All au employees, expenses and leases are done under this abn. Yep, probably bet on gst.
Actually $38 million in revenues... mmmm


----------



## MrM (Jan 18, 2017)

Clay1234 said:


> If a passenger requests a tax invoice, not just an invoice, for a fare over $82.50 (including GST) you must provide one. If the facilitator cannot do this on your behalf, use a tax invoice book with your ABN on it. I think Uber should do this; they provide partner invoice detailing Uber Fees & tax summary.


Practically how will you do this. The app sometimes does not display the $$$ of the last trip for several minutes, and you do not have the pax's contact details to send him a tax invoice later (I think under the legislation you have up to 2 weeks to provide a tax invoice).


----------



## Jack Malarkey (Jan 11, 2016)

MrM said:


> Practically how will you do this. The app sometimes does not display the $$$ of the last trip for several minutes, and you do not have the pax's contact details to send him a tax invoice later (I think under the legislation you have up to 2 weeks to provide a tax invoice).

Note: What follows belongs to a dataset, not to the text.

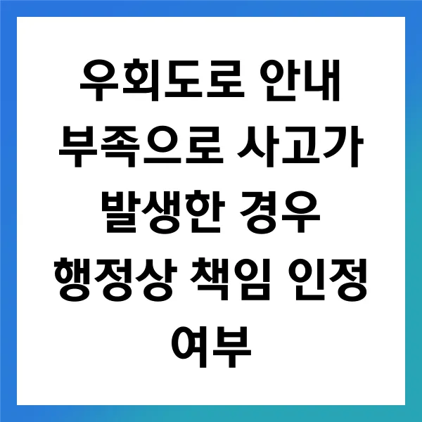 우회도로 안내 부족으로 인한 사고 는 단순한 불상사가 아닙니다. 이러한 사고가 발생했을 때, 행정상 책임이 과연 어디에 있는지에 대한 논의 는 매우 중요한 문제로 떠오릅니다. 교통 흐름의 안전성을 확보하기 위해서는 우회도로에 대한 명확하고 효과적인 안내가 필수적입니다. 사고 발생 시 책임 소재 분석을 통해 우리는 제도 개선의 필요성을 더욱 절실히 느끼게 됩니다. 이러한 이슈는 단순한 개인의 문제를 넘어서 사회 전체의 안전과 직결 되므로, 신중한 접근이 요구됩니다. 행정의 역할과 책임, 그리고 예방을 위한 제도적 노력이 결합되어야 할 시점입니다.
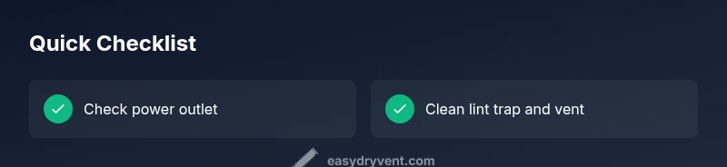 Before you dig into components, perform a few quick, safety-minded checks. Always unplug the unit before touching any internal parts. Inspect the power cord for visible damage and ensure the outlet is delivering power (test with a lamp or another device). Reset the household circuit by flipping the breaker off and on. If the dryer still won’t respond, verify the door/lid switch is engaging correctly, and listen for the door interlock click when you close the door. Clearing a blocked lint trap is also essential; stagnation here can trigger overheating and shut down the dryer mid-cycle. These steps cover the majority of non-mechanical faults and set the stage for deeper diagnostics. Easy DryVent recommends performing these checks first to minimize risk and avoid unnecessary repairs.

If the fare is more than $82.50 (including GST), you must provide a tax invoice on request within 28 days. See https://www.ato.gov.au/Business/GST/Issuing-tax-invoices/.

If you can't find out the fare immediately, the passenger may show you their receipt and you can get the figure from that.

Alternatively, you can ask the passenger for their contact details so you can comply with the requirements of the GST law. If the passenger really wants the tax invoice, they will happily provide that information.


----------



## Professionaluber (Nov 12, 2016)

i dunt pay GST as dnt deserve 2 not regster GST ATO can put me jail, am already behind on rents, dunt care not paying GST ever


----------